What have been the challenges and/or rewards of taking a hiatus right when the dance culture was reaching epic proportions? Has it helped you musically where you didn’t fall into the prevailing formulaic patterns?

I went through some personal stuff two years ago and I took almost a year off from DJing, making music. We stopped the label, everything. I found myself trying to make music that I didn’t love and I was playing music I didn’t love and it was making me depressed. I started looking for other ways to be happy and it was definitely the wrong way to do it. When I was able to take a step back from everything, stop drinking alcohol and stop doing everything and literally get to know myself again and get myself healthy, and got to the gym and was doing yoga, I started to realize what it was that I wanted and didn’t want.

I moved to LA, bought a house out here and I haven’t looked back.

Now when I’m playing my gigs, I’m playing music that I want to play. Because for a little while, I lost myself for sure. I was trying to follow all the stuff that was going on. But now I’m coming back and everything is starting to line up. Not only is Subliminal [Records] relaunching now, I have an artist album that’s going to come out later this year with some really sexy artists, and it’s just happening and clicking!

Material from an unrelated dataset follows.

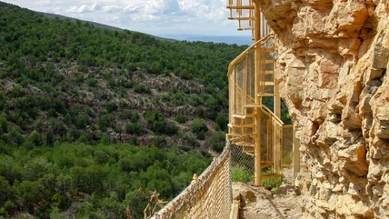 Today, the controversy over Hibben's Sandia Man discovery persists. However, regardless of what is or isn't true, the Sandia Cave is still a remarkable landmark with both incredible views and an interesting story. The cave is accessible as part of New Mexico's beautiful Cibola National Forest, itself an underrated destination where the state's mountains, deserts, and forest ecosystems all converge. The Sandia Man Cave is open to the public year-round (weather-permitting), though getting there is a bit of an ordeal. From the trailhead 30 miles north of Albuquerque, visitors must hike about half a mile to Las Huertas Canyon, climb a concrete staircase up the canyon walls, manage a precarious limestone ledge on the side of the cliff, and then climb up another, steeper spiral staircase to get to the mouth of the cave.

What are some of those releases to get excited about?

I have six releases ready to go! We’re going to be relaunching [Subliminal] at the beginning of June. There’s a couple of solo records that I have. I have a record with Jamie Jones as well. I have one with Shawnee Taylor. Basically what I want to do is sort of re-educate the young kids that are coming into the scene now that maybe weren’t familiar with Subliminal and the domination we were lucky enough to experience for such a long time in the dance world. Sort of bring that sound back—with a new flavor. What they’re calling house and deep house these days is what we were doing back in the ’90s! It’s pretty funny to see it come back around, but it makes me happy.